◆ **DIRECTIONS**:
Using the listing below, retype exactly the lines starting at the one with "Black stripes, while" and ending at the one with "Nel 2015 si", and include both.

◆ **THE DATA**:
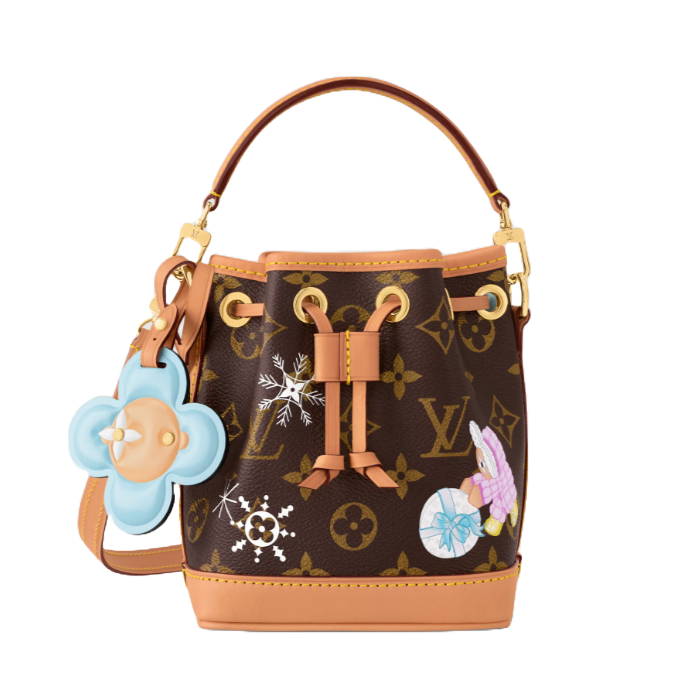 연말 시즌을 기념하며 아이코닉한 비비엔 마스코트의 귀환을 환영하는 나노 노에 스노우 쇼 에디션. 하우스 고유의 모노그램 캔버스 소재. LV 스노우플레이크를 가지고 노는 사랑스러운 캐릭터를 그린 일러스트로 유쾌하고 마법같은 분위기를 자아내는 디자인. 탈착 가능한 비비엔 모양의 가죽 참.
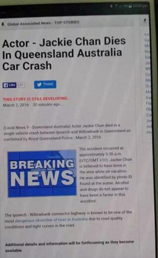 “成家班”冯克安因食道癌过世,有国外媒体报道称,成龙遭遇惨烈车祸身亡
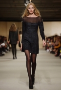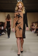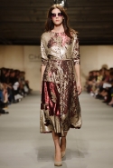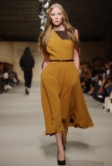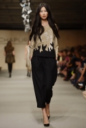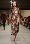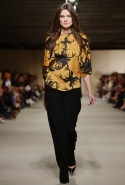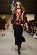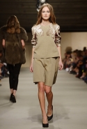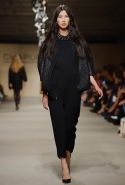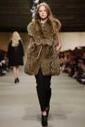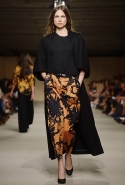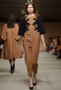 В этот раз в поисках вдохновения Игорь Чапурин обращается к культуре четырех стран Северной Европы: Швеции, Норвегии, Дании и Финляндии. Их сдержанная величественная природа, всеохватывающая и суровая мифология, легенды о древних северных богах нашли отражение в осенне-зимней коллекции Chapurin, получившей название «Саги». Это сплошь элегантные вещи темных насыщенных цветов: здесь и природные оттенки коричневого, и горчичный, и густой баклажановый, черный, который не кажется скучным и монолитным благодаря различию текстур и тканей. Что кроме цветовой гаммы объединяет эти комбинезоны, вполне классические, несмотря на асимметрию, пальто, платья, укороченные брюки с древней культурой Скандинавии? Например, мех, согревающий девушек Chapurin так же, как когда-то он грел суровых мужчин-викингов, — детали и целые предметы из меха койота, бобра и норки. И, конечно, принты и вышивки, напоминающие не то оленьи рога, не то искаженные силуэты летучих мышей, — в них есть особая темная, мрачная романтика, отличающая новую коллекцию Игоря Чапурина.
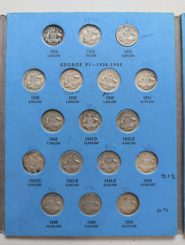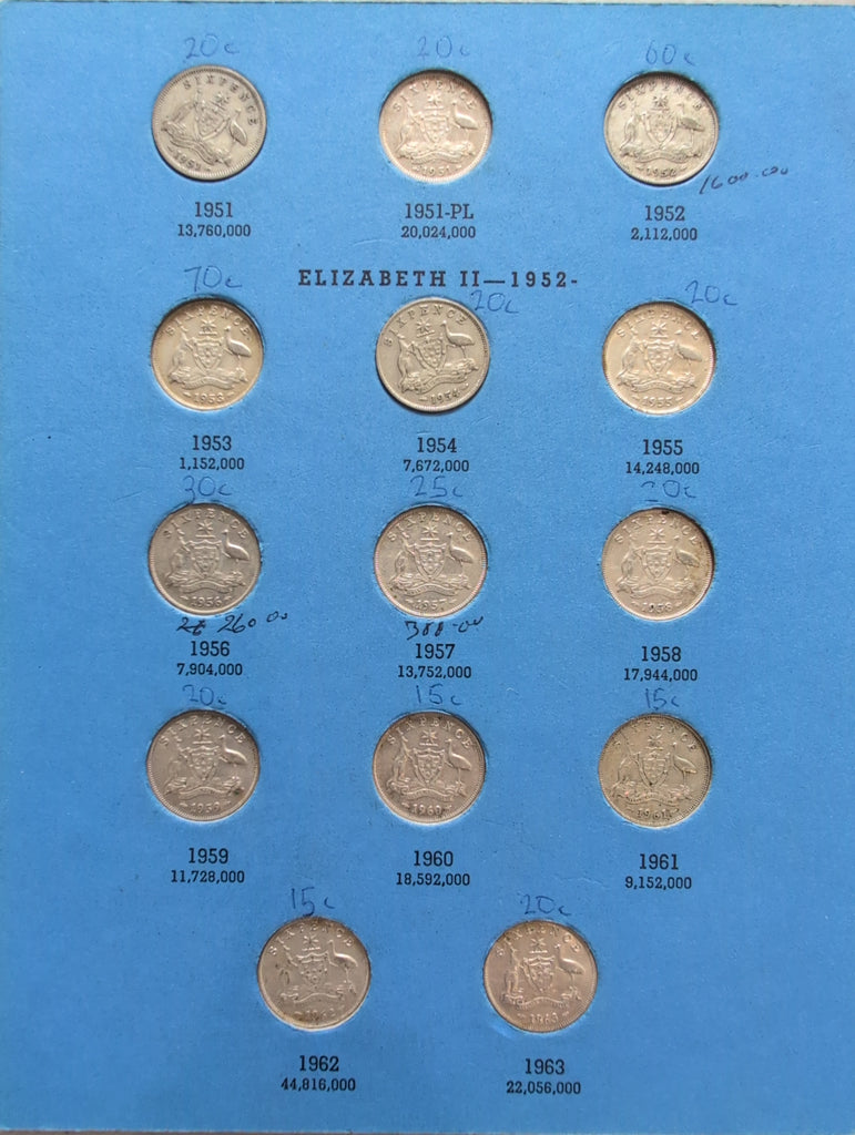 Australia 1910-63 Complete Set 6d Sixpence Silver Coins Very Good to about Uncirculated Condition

---

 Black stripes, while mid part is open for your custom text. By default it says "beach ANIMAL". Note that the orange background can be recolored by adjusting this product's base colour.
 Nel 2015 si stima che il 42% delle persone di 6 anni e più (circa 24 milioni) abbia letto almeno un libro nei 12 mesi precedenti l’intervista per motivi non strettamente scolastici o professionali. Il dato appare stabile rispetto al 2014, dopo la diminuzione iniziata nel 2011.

◆ **ANSWER FOR THIS EXERCISE**:
 Black stripes, while mid part is open for your custom text. By default it says "beach ANIMAL". Note that the orange background can be recolored by adjusting this product's base colour.
 Nel 2015 si stima che il 42% delle persone di 6 anni e più (circa 24 milioni) abbia letto almeno un libro nei 12 mesi precedenti l’intervista per motivi non strettamente scolastici o professionali. Il dato appare stabile rispetto al 2014, dopo la diminuzione iniziata nel 2011.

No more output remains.